Playing this game (which I've already played with PHP - that time was a messenger) I think that you
must learn something on
the language you're studying, since, for example, learning that you can assign multiple variables in one line instead using multiple lines,
you can reduce the code for many lines that can be used for implementing more features. And this "wave" effect continue until the
remaining lines don't allow you to add features.
Probably the resulting code will be a bunch of unreadable oneliners (that is terribly
wrong in the Ruby philosophy) but since now,
you know more about
what you can do with Ruby. And this make you a better programmer.
So, I've chosen to make a media player based on the really powerful Mplayer: nowdays a player can be a box with play/pause or a
shopping cart with filters and tons of buttons.
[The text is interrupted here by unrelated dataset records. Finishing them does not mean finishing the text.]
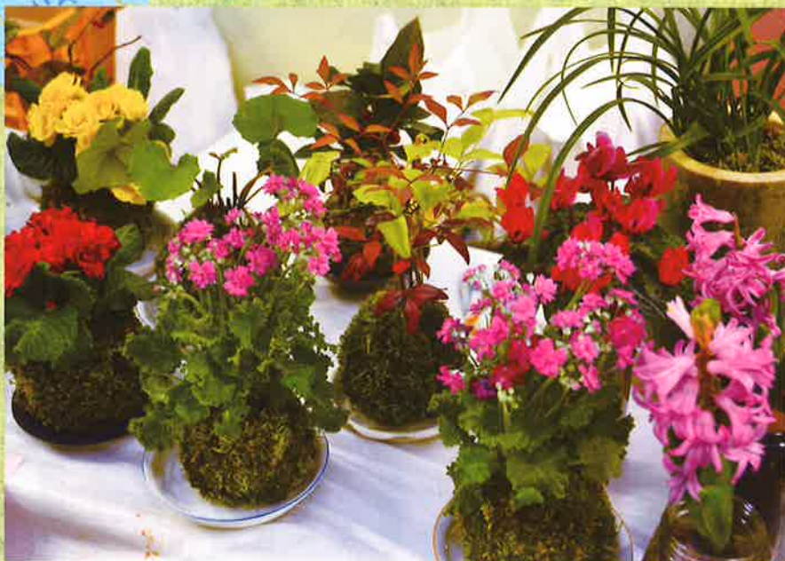
花を植えた個性的な苔玉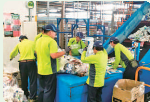
障がいのあるスタッフによる紙パックの圧縮作業のようす

8月27日(金)に開催した「親子でつながる！コープのリサイクルセンターオンライン見学会」では、親子を中心に112人が参加。鳴尾浜リサイクルセンターと玉津リサイクルセンターをオンラインで見学し、容器包装や紙資源のリサイクルについて学習しました。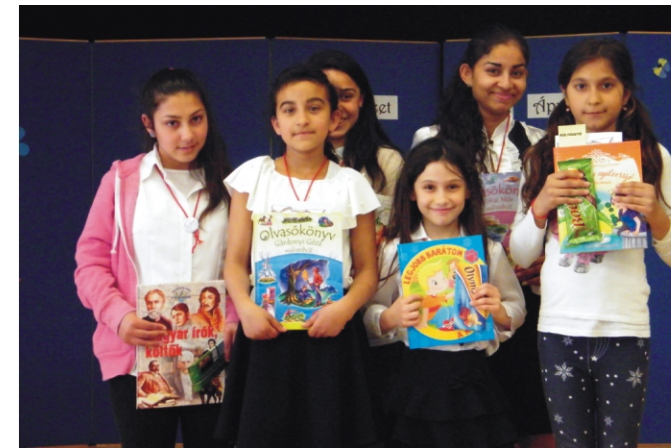
A díjazott tanulók

You can understand that this will not be probably the
ultimate media player for Linux but... who knows? It does what is
written on the label and does this enough good for the small database into my EEEPc... Let's the plugin dance begin :)
Closing time
You're probably trying to guess how this piece of software has such a weird name. That's because you don't know the
Kaiser Chiefs
group and their
Ruby song, which is really nice and is featured in a lot of videogames (and I'm a f*cked gamer!).
The last lines of this page are for Bianca (my GF) and Ulrick (a gr8 friend) which listened me evangelizing 24/7 Ruby and listened to my "feature of the day" gibberish.